[scald=89365:sdl_editor_representation]PARIS (Reuters) - Les avocats de l'icône du football français Zinedine Zidane ont demandé jeudi en justice 75.000 euros de dommages et intérêts à l'humoriste Christophe Alévêque pour des propos brocardant son supposé manque d'intelligence et sa présumée cupidité.

Lors de l'audience au tribunal de Paris, le parquet a jugé injurieuses des phrases d'un entretien au périodique Sport-mag en janvier 2011 qualifiant "Zizou" de "panneau publicitaire à trois neurones" et assimilant ses émoluments à la prostitution.

Christophe Alévêque a assumé ses propos à la barre et défendu sa liberté d'expression ainsi que les mots employés.

"J'ai la liberté qu'a toujours eue le bouffon qui était le seul à pouvoir s'attaquer au roi", a-t-il dit.

L'humoriste a justifié ses attaques contre l'ancien maître à jouer des Bleus par le fait qu'il avait notamment été payé par le Qatar en 2010 pour contribuer à obtenir l'organisation du Mondial 2022 dans ce pays, une décision très controversée.

Zinedine Zidane n'a pas poursuivi, souligne la défense de l'humoriste, une autre phrase de la même interview ou Christophe Alévêque déclarait à ce propos: "C'est écoeurant.
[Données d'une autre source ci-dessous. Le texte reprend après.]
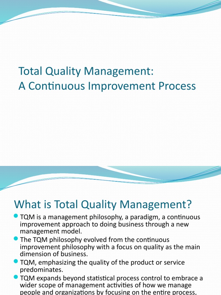 TQM is a management philosophy, a paradigm, a continuous

J'espère que les 11 millions qu'il a pris, il a les a donnés à une association, sinon c'est un scandale".

Zinedine Zidane, 39 ans, avec lequel la France a gagné la Coupe du monde 1998 et l'Euro 2000, était absent à l'audience.

Son avocat Carlo-Alberto Brusa a déclaré qu'il s'estimait notamment blessé en raison de supposées conséquences sur sa famille: "Son fils a été ridiculisé aux entraînements à Madrid".

Il assure ne pas avoir retrouvé trace d'injure aussi grave contre son client, qui travaille désormais pour le Real Madrid après avoir mis fin à sa carrière de joueur.

Le substitut du procureur Anne de Fontette, qui n'a pas requis de peine précise, a jugé que la "distance terrible entre le peuple français et les dieux du stade" était un sujet sur lequel il était légitime de débattre, notamment après la grève de l'entraînement des Bleus au Mondial de 2010.

Mais elle a souligné que les propos avaient été tenus dans le cadre d'un entretien avec un média et non dans un spectacle humoristique, où l'expression est juridiquement plus libre.

Par ailleurs, a-t-elle dit, "je ne crois pas que la vulgarité élève le débat".

Le tribunal a mis son jugement en délibéré au 22 mars.